Monday, September 21, 2015

The Showboat

Time with others begins on Monday morning: a trip to the gym to see my trainer, followed by a new regimen of stretches. A meeting with a classmate who is working in mindfulness, a trip to the library, a literature search, an online classroom, editing someone’s work. There are times when I feel that I am shuttling between different worlds, different people and different needs. And it often seems like that scene in John Barth’s The Floating Opera, where the narrator reflects on the comings and goings of different people, and how he often feels he only gets a very small glimpse or a window into their lives. The narrator compares this process to standing on the bank of a river and seeing the showboats passing by, with a wide assortment of characters on each boat. The narrator does not see all the moments of everyone’s lives, but only really gets to see a few tiny moments, or points where people briefly connect and then disappear.

Does this sense of impermanence make the comings and goings of others seem somehow more distant, or even wistful?

Reflecting on it, I think about how I have often tried to establish a social life based on the idea of helping and being helped, supporting and being supported. I do think it’s important for people to find some ways of serving others, because it uplifts one’s being and skills. A person becomes more of an active element in the interaction, bringing out parts of themselves that perhaps they never knew could exist.
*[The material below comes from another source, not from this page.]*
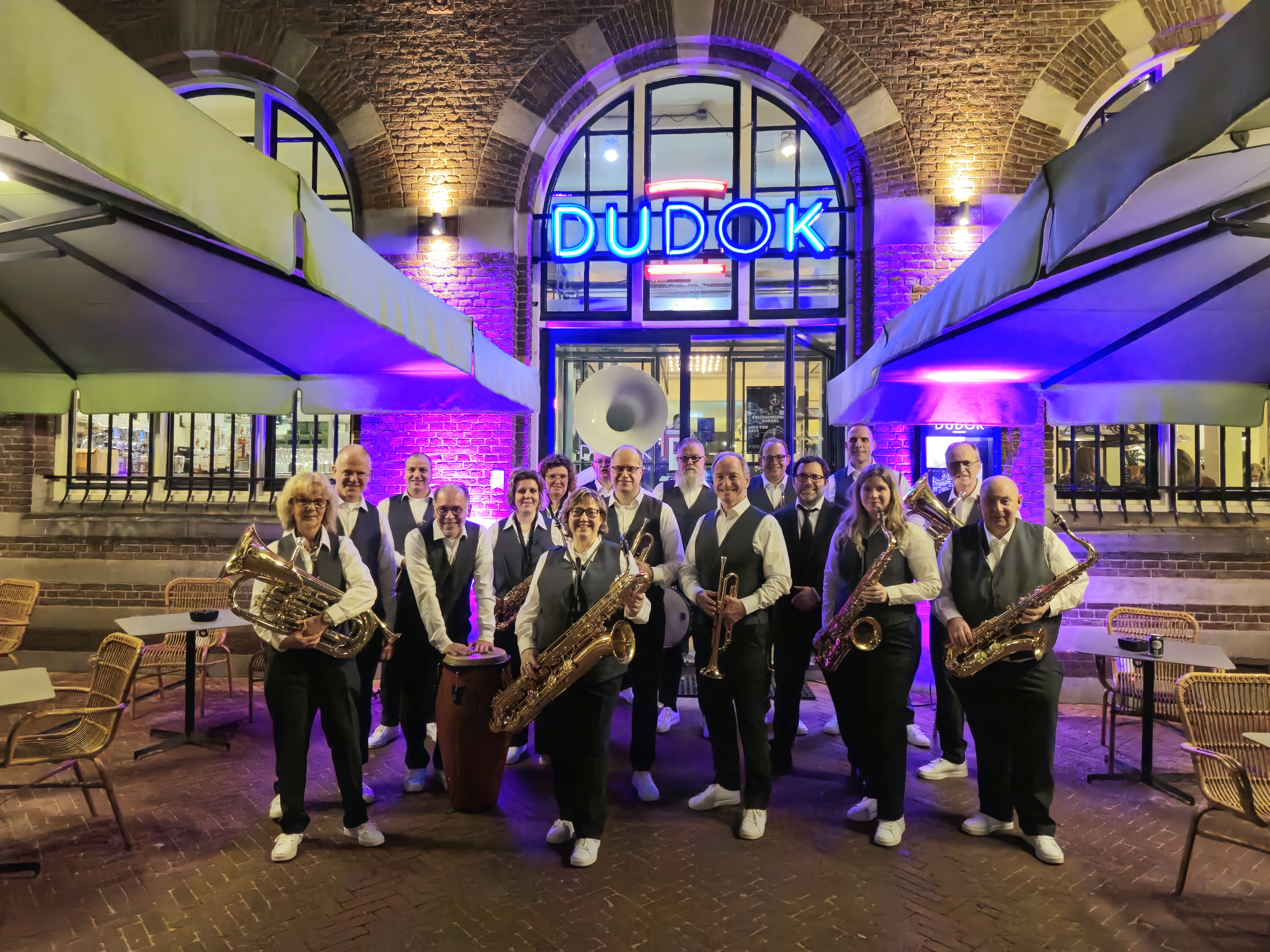 "Dudok bruist opnieuw met ATK Brass tijdens de Uitnacht Arnhem. Kom genieten met een hapje en drankje van de kunsten van ATK Brass want het belooft ook dit jaar weer bijzonder gezellig te worden in Dudok." Dudok Arnhem vindt u pal naast de Eusebiuskerk en de Sint Jansbeek, die sinds 2017 weer door het Arnhemse stadshart stroomt. Ons restaurant is gevestigd in het karakteristieke rijksmonument Van Ranzow’s Bank uit 1920. We zijn al jaren een begrip in onze mooie stad. De deuren staan dan ook open voor iedereen, van ’s ochtends vroeg tot ’s avonds laat. In de Zomer wordt ons pand omringd door een groot en vooral zonnig terras met tegenwoordig zelfs de uitbreiding onder de bomen van het Jonas Daniel plein. Aan de achterzijde bevindt zich onze prettige binnentuin waar veelvuldig gebruik van wordt gemaakt op drukke dagen. Dudok Arnhem is een plek in de stad, waar toeristen, stadsbezoekers, juristen, creatievelingen, theaterbezoekers en politici elkaar ontmoeten. Dudok Arnhem is met regelmaat het toneel van events, zowel door ons georganiseerd als een volledige afhuur van de gehele zaak. We kunnen dan ook feesten en partijen van 2 tot 400 mensen huisvesten.

This helping mode also lends confidence to a person and gives them a feeling that they can help others in some capacity. It is very grounding also to be able to let another person help me from time to time. Receiving help fully and whole-heartedly can be a way of allowing someone else to bring out their own abilities. But I think the most difficult relationships for me are the ones where there is no particular role that I have to play. Maybe in those situations, I am just somehow being there, with all that I am, and observing what happens. This feels uncomfortable at times, because it doesn’t have a definition of sorts.
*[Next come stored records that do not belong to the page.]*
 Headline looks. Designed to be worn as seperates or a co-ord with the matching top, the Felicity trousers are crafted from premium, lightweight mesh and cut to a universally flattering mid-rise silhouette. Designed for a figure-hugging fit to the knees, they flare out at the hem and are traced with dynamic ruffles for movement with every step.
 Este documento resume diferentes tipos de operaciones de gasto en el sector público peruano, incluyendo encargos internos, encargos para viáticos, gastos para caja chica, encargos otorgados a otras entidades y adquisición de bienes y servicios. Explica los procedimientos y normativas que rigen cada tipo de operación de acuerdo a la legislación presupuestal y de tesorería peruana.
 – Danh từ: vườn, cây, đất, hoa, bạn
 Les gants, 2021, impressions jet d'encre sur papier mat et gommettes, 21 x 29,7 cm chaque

This morning, I was reading an excerpt from a book by Maurice Friedmann, which focuses on the notion of Otherness, based on Martin Buber’s philosophy of the I and Thou. What Friedman wrote was interesting to me. He talked about how Buber really emphasized the importance of personal or identity confirmation that relationships can bestow upon people, whether as givers or as receivers. However, too much pandering to this desire to ‘be confirmed’ can, in Buber’s eyes, lead to a kind of cowardice. According to Friedman, Buber maintained that it is better to be true to oneself and risk not being confirmed, than it is to lose one’s true nature and be forever trying to get confirmation.

I am not too sure where I sit with this, but I think that having a perspective of Buddhist teaching and practice, I don’t need to feel that I am ever separated from other minds. It is only an illusion that sees this self as separate. Even in the absence of communication with others, I can still reach out and transfer merits, or even seek out the support of other minds when it is needed. The idea that there is a separate identity that always needs to confirm itself is a burden. But without faith in a natural inter-being, I can see how people feel that need to confirm who they are, to feel validated in some way. I empathize with it, even though I know that there is another way to see life. I can only pray that more faith will allow people to overcome their feelings of alienation.